Wednesday, July 15th, 2009

I sat to pray and talk to God this morning.  Man, my heart is so full right now.  Full with worry, excitement, impatience, desire, frustration, ideas, heartache, Vision.  SO much of me right now wants to just lay down and rest. To STOP. Everything. Except Judy and the kids. I just want all the time and energy I have to go there. But I feel the drive, the pull, to our Wild at Heart trip for men in November, to a Vision of the ranch, to our growing online business, to building a true community, to getting in top physical shape.  So deep.  I feel God’s call to all of it.  I love it.  It’s incredible to be tapped into that wellspring.  But, like hypothermia, as the cold drains strength, the desire becomes strong to just lay down and rest.  Give up and give in. But give in to what?  The slumber is the kiss of death.   It’s a resignation.  A false contentment.  Dispassionate and apathetic.   It is a giving of life over to death.  And like the hypothermic slumber, life can go cold.  We fall asleep.  We become falsely content with chasing mediocrity.  There is a strong likelihood that we haven’t actually ever been really awake.  Or we’ve known moments of “awake-ness” but haven’t had the strength or the people around us to maintain it.  So we long to go back to sleep.

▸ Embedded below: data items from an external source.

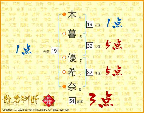 木(4画)暮(15画) 優(17画)希(7画)奈(8画)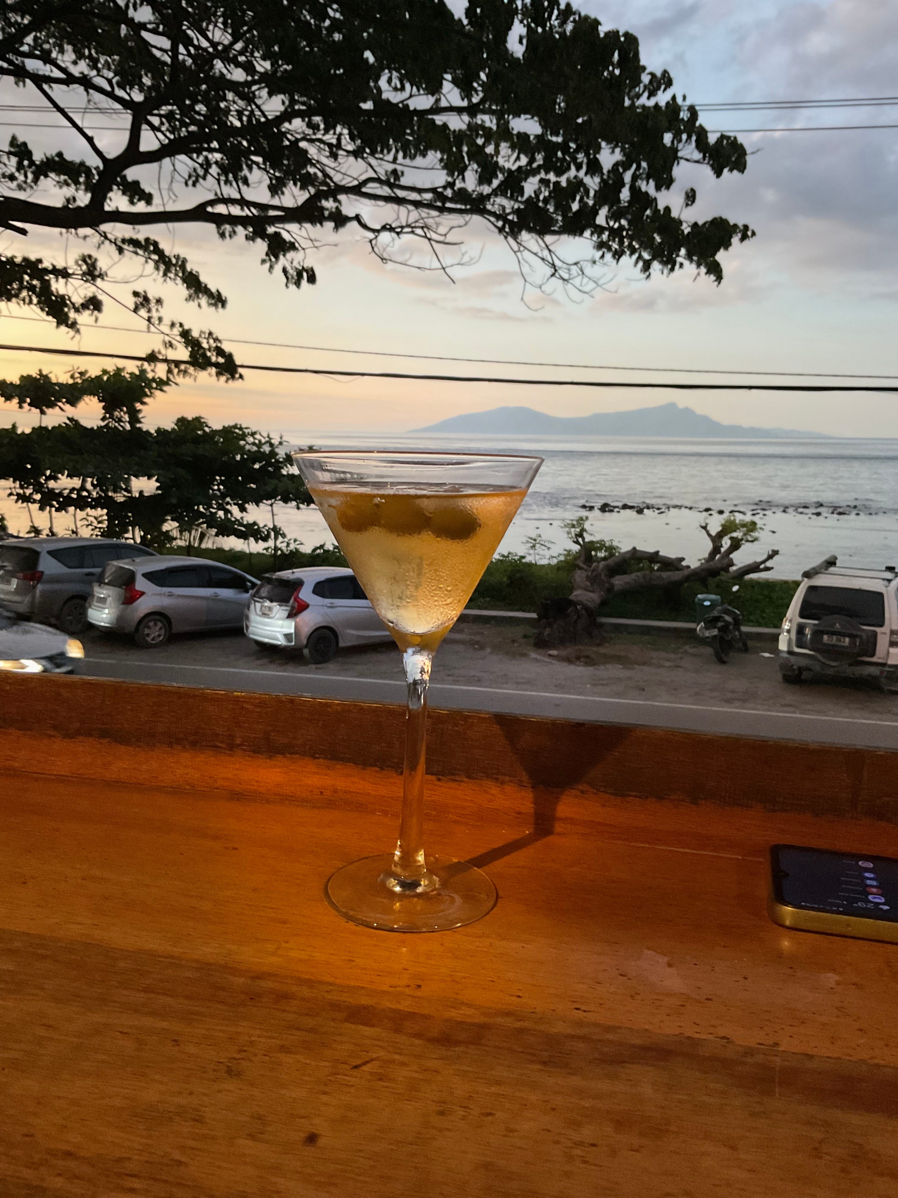And for me, at least, it certainly helps to sit down in a beautiful tropical sunset with a well-chilled dry martini...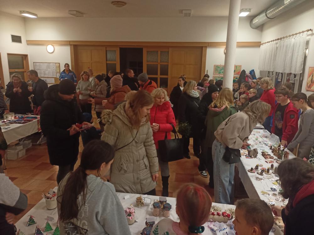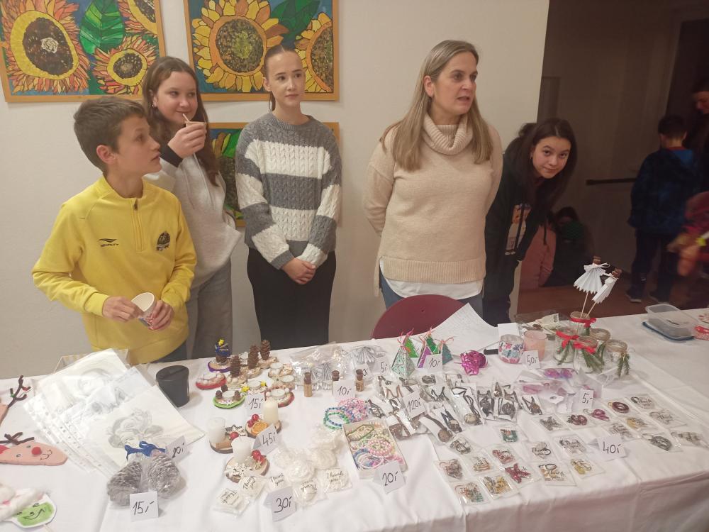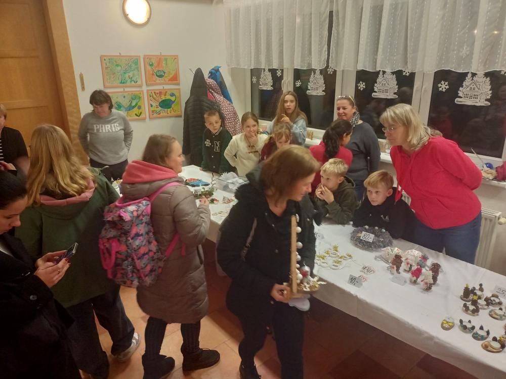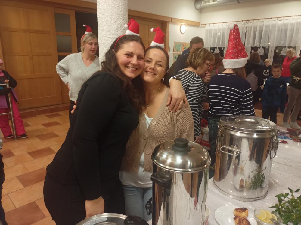 Ohřát jsme se mohli v prostorách jídelny, kde bylo pro všechny zúčastněné přichystáno drobné občerstvení v podobě úžasného svařáku a teplého čaje. Před jídelnou jsme měli možnost zakoupit vyhlášené klobásy pana učitele Mirka Zámarského. Samozřejmě nesměl chybět vánoční jarmark výrobků a jmelí. Letos bylo skutečně z čeho vybírat! Všem, kteří se na tvorbě drobností k prodeji podíleli, patří velký obdiv za jejich zručnost a trpělivost. A to především našim žákům a žačkám, v jejichž režii se letošní jarmark odehrál především.
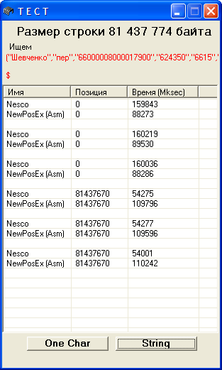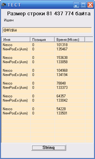 Давай договоримся в Form.Caption ложишь номер теста. Вот моя картинка (если задать несуществующее слово, то Result= -1 ) ------------ Дoбавленo в 17.06: Позиция на 1 меньше, а время больше |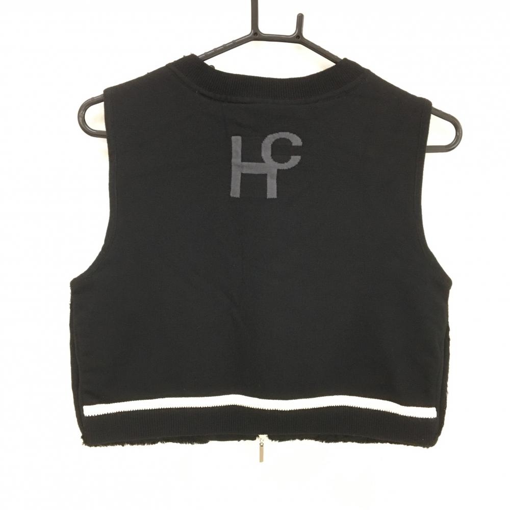 【超美品】ヒールクリーク 中綿切替ベスト 黒 前身頃ファー ダブルジップ ニット レディース 40(M) ゴルフウェア Heal Creek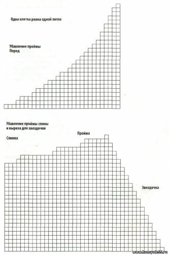Наберите на спицы 100 петель, провяжите 2 см резинкой 2 x 2. Далее вяжите лиц. гладью 17 см. Затем вывяжите вырез для «звездочки» по схеме. Через 8 см от начала выреза начинайте вывязывать проймы по той же схеме.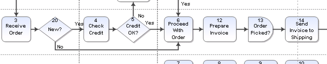 Connector lines are automatically created with decision case labels on decision shapes. By default, the first line drawn from a diamond is labeled No and the second is Yes. You can define your own label text.
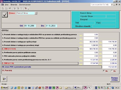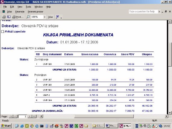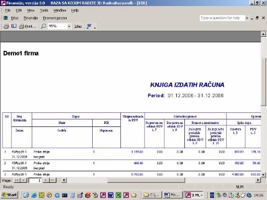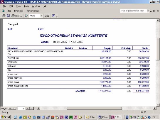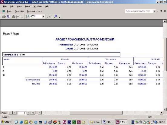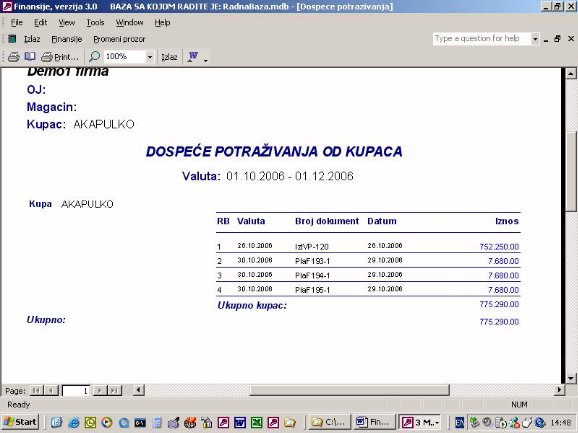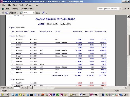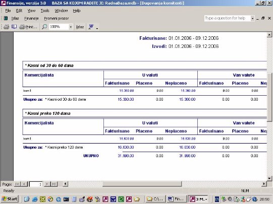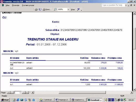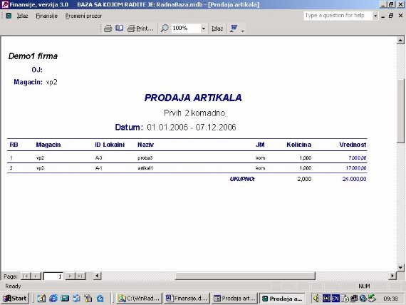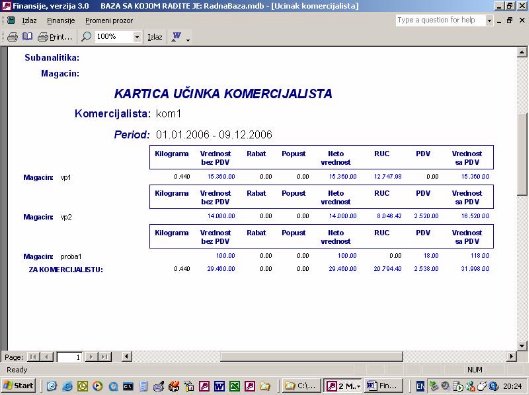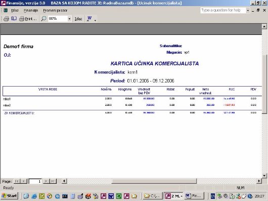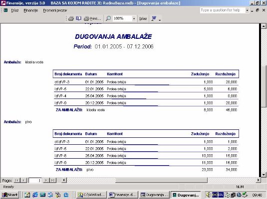 Sve opcije programa služe za izradu finansijskih izveštaja. Podaci za izveštaje se koriste iz urađene dokumentacije. Na sl. 2 dat je primer izveštaja. Forma je uslovno podeljena u tri dela. U jednom se postavlja kriterijum na osnovu koga će biti prikazan izveštaj. U drugom delu prikazani su podaci o firmi sa kojom se radi. U trećem delu su stavke izveštaja.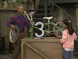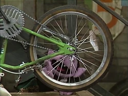 SCENE 4 | The Count observes Gordon as he adjusts Jennifer's bicycle, ensuring that every part is working perfectly. The Count counts all of the bike safety rules Gordon lists off, and moves on to counting the spokes on the rear wheel. Gordon checks on the chain drive that spins the wheel, and the Count learns of another important safety rule: never count the spokes while the wheel spins - otherwise, you'll get dizzy! |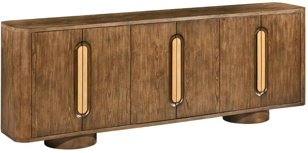 Bring sculptural elegance to any space with this six-door credenza. Crafted from wood with a rich brown stained finish, its rounded edges and circular pedestal feet soften the linear silhouette. Elongated oval handles in a two-tone gold and bronze metal add a luxe accent. Inside, three fixed shelves provide ample hidden storage.Read More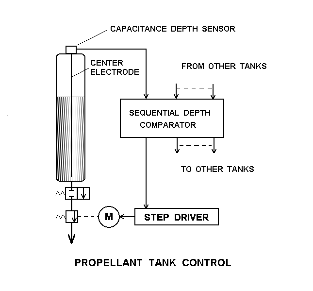 Each propellant tank is to be a self contained unit with a capacitive depth sensor, shutoff valve and a motor driven variable partially restricting valve.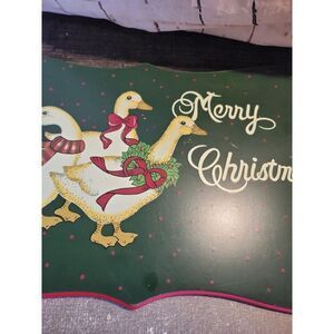 Wooden Merry Christmas goose duck mistletoe bow sign Decor Xmas figure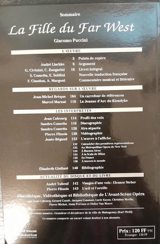 Puccini La fille du Far West. Revue " Avant-scène" opéra n° 165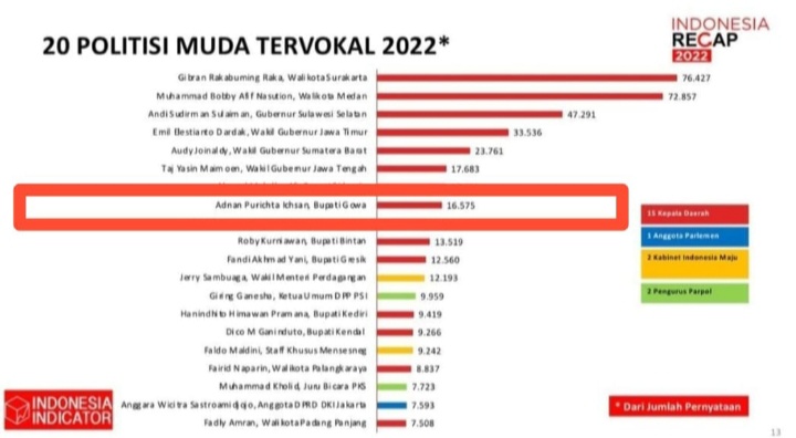 GOWA | Bupati Gowa, Adnan Purichta Ichsan masuk dalam delapan (8) politisi muda tervokal di media massa online 2022 di Indonesia versi Perusahaan Intelijen Media Indonesia Indikator (I2).
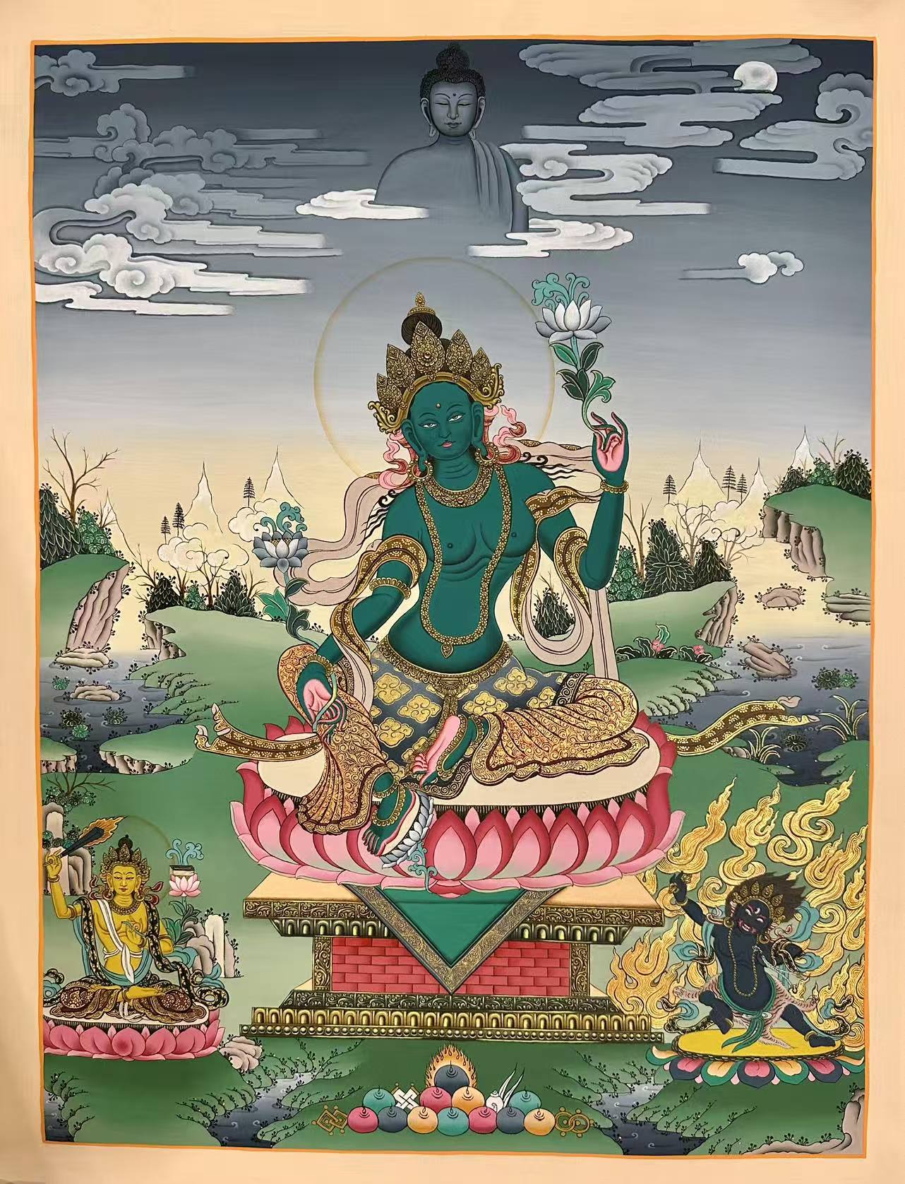 Thangka painting depicting Green Tara is perfect for various home and office decor ideas. This 100% handmade Thangka can be decorated as an elegant and eccentric wall hanging in your home or office. It can also be placed in your home for meditation purposes, as well as an artifact to your spiritual seeking.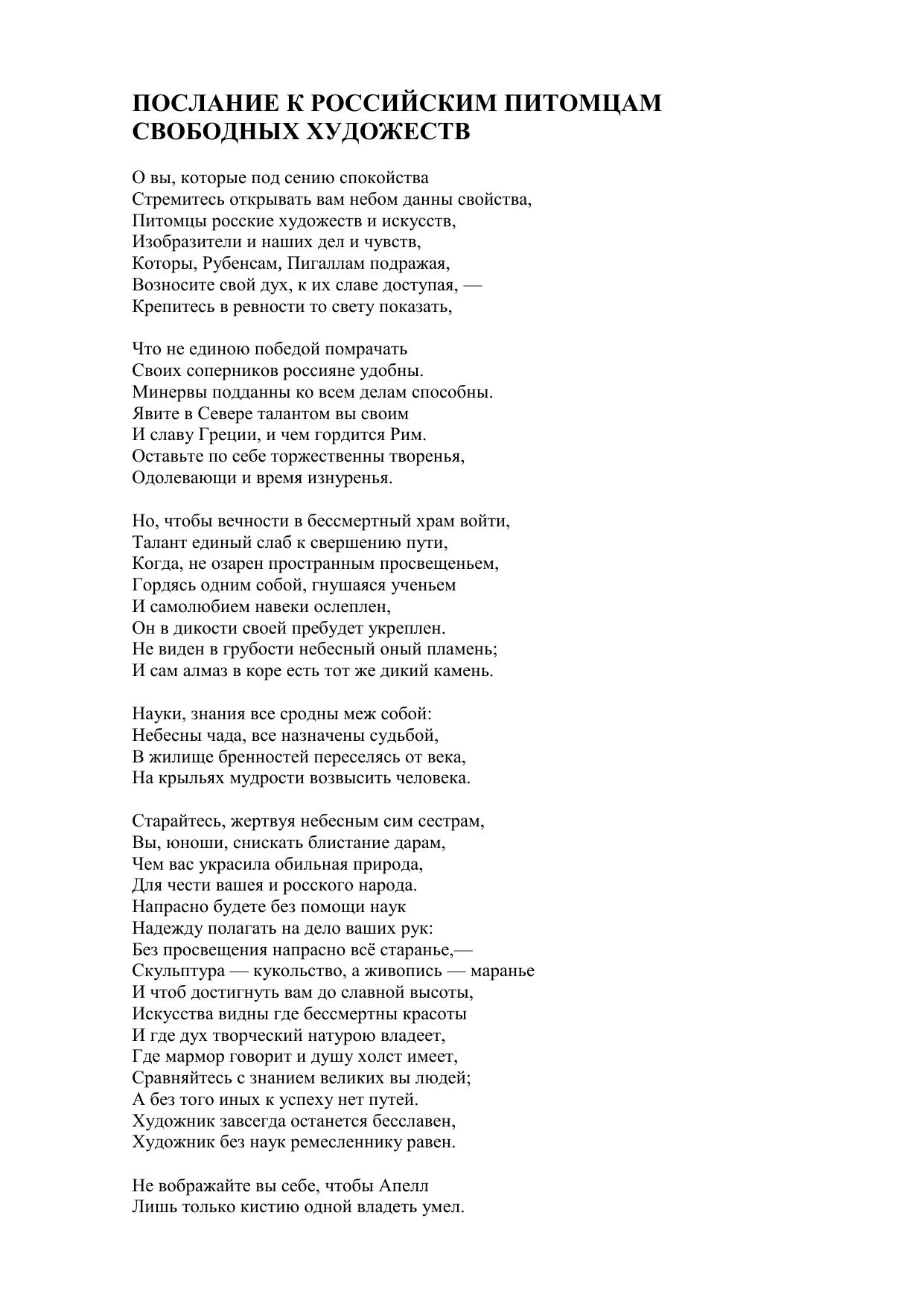 Послание к российским питомцам свободных художеств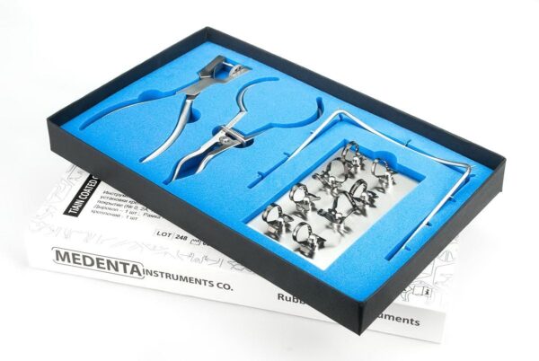 Комплект инструментов и принадлежностей для наложения резиновой завесы Раббер Дам Медента состоит из щипцов для наложения креплений, перфоратора-дырокола, стальных креплений для различных групп зубов, рамки и подставки для креплений. Щипцы для наложения креплений, перфоратор-дырокол, рамка и подставки изготовлены согласно ISO 9001, EN ISO 13485, 93/42/EEC из высококачественной медицинской стали марок AISI 410 и AISI 304 .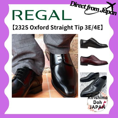 REGAL 232S Oxford Straight Tip 3E/4E "Black" "Wine" Cemented, Soft glass leather, Lightweight sole, Round toe, Simple, Stylish, Smart, Relaxed Fit, Men's Business Shoes, Made in Japan [Direct from Japan]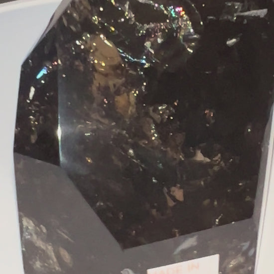 This nearly black smokey is semi-transparent with visible internal veils and fractures, which create reflective rainbows, giving it extra vibrancy.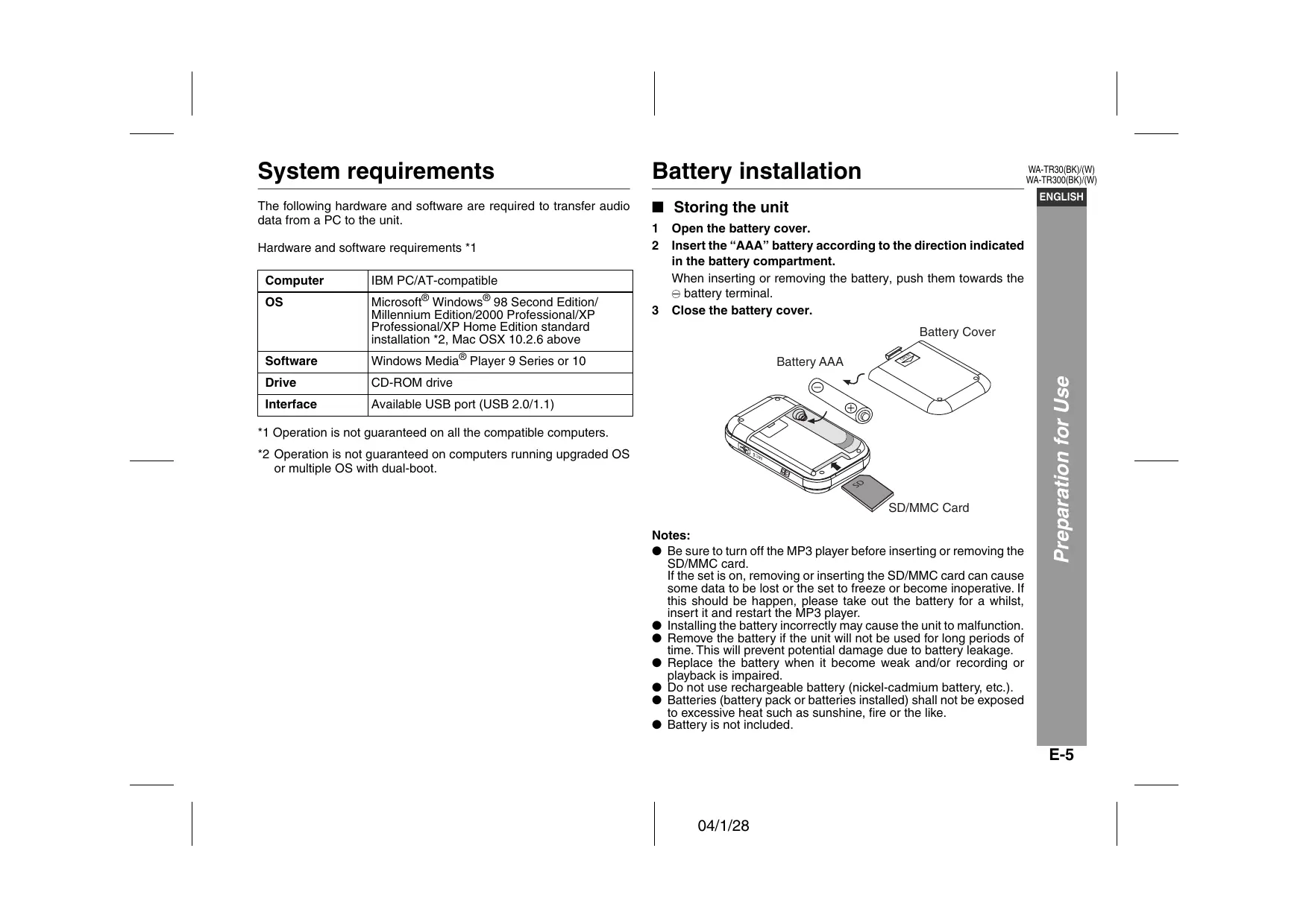 B Preparation for Use Battery installation . SD/MMC card installa Turning the unit on/off . Hold function . : Changing the display languagi Connecting the unit to a PC & Windows Media Player Ripping tracks from audio CD to PC . Transferring audio data from PC to the unit. B Playback Disconnecting the unit Playing transferred audio data Advanced playback . Playing selected data

Like Cypher in “The Matrix”.  He was wakened by Morpheus and was called into a titanic struggle for the hearts and minds of other people.  Their mission, as a crew, was to pull people out of the Matrix and invite them into a real existence, in a community that was truly alive.  But Cypher became jaded.  Watch the clip in the sidebar to the right.  Or click here to watch it on YouTube.

Surrounded by wine, steak and a fine cigar, Cypher makes a deal to go back to sleep.  “I don’t want to remember nothing.  NOTHING.  You hear me?”

Let the Matrix take over again.

But I can’t.  (Actually, I can.  You can too.)  We can choose sleep.  (In fact, we need to choose rest.  But they are two different things.)  We can choose mediocrity.  We can choose all those things that we think give us life but actually keep us asleep.

Grandfather spoke about those things that stir our hearts awake to the reality of an unseen and eternal life.  From his native language to English, he translated it as “Inner Vision” or “The Voice of God”.  He said the Voice of God gives us Vision for our lives, our true purpose.  And then he said:

“A person who is not living their Vision is living death.”

And I remember.  I begin to remember why I can’t fall asleep.  Because it would mean death.  It would mean ignoring Vision.  It would mean ceasing to live for others.  Death by selfishness.  Death by numbness.  Death by mediocrity.

I can’t do it.  I won’t do it.

One foot in front of the other.  Stay awake.  Stay alert for the needs of others and rise up to meet them.  Fight.  Live.  Pray.  Listen.  Laugh.  Love.  And wake up the next morning to do it again.